• [TASK DIRECTIONS] Instruction for the entries below: return the part that opens with the line containing "林云龙 摄 图片来源:浙江在线" and closes with the line containing "Ilustracion divertido para", exactly, and no pictures.

• [THE INPUT]
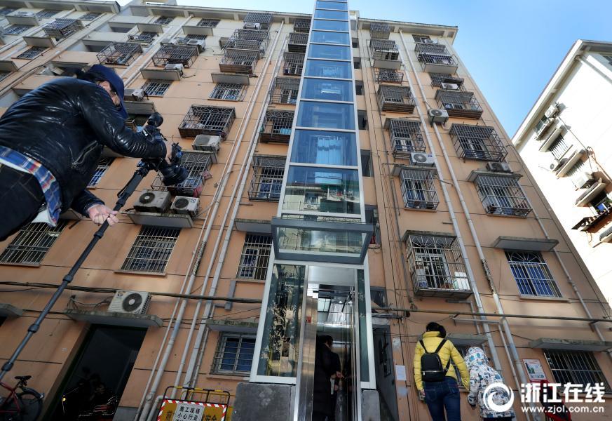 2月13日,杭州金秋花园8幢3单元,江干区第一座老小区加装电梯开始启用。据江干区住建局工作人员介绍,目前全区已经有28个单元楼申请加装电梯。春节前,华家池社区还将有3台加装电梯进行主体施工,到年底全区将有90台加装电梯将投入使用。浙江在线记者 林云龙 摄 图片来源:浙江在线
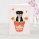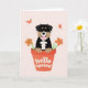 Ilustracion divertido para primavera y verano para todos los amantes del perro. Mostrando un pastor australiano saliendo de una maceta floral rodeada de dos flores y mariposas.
...
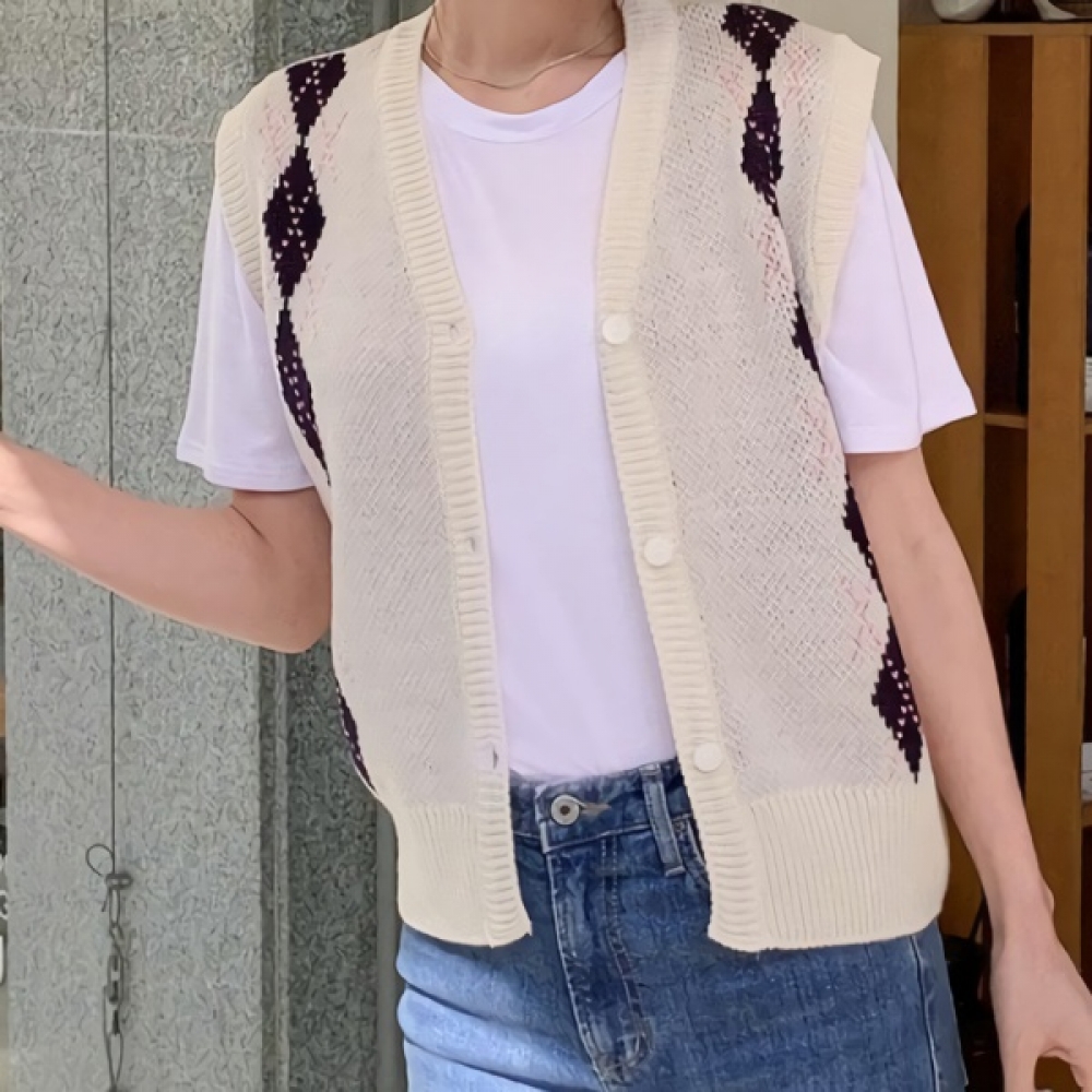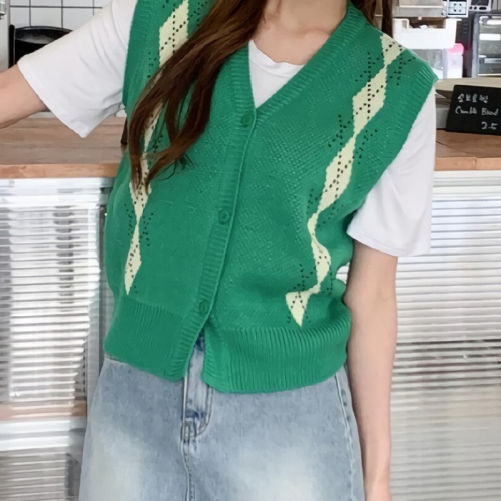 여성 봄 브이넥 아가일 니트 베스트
...
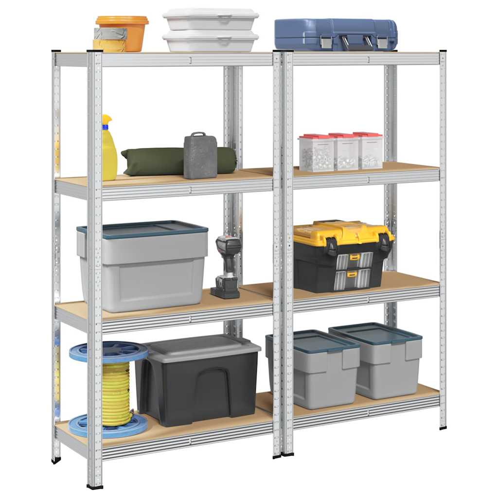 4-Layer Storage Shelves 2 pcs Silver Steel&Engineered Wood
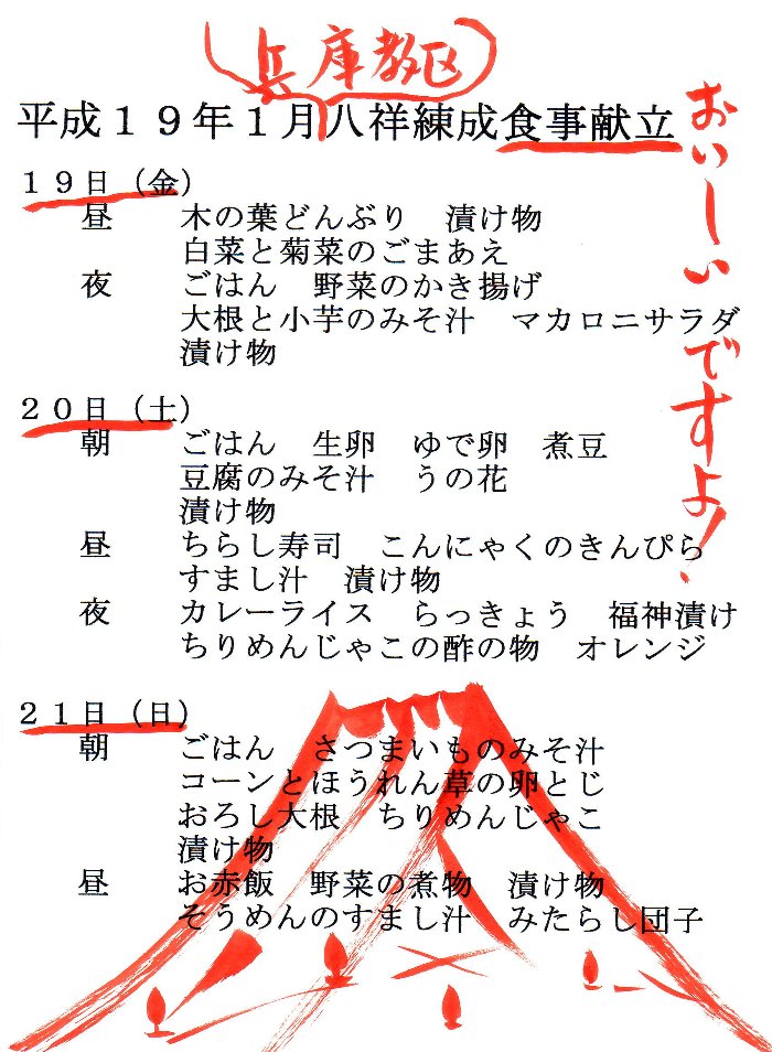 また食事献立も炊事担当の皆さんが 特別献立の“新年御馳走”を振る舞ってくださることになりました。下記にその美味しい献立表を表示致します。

• [RESPONSE]
 2月13日,杭州金秋花园8幢3单元,江干区第一座老小区加装电梯开始启用。据江干区住建局工作人员介绍,目前全区已经有28个单元楼申请加装电梯。春节前,华家池社区还将有3台加装电梯进行主体施工,到年底全区将有90台加装电梯将投入使用。浙江在线记者 林云龙 摄 图片来源:浙江在线
 Ilustracion divertido para primavera y verano para todos los amantes del perro. Mostrando un pastor australiano saliendo de una maceta floral rodeada de dos flores y mariposas.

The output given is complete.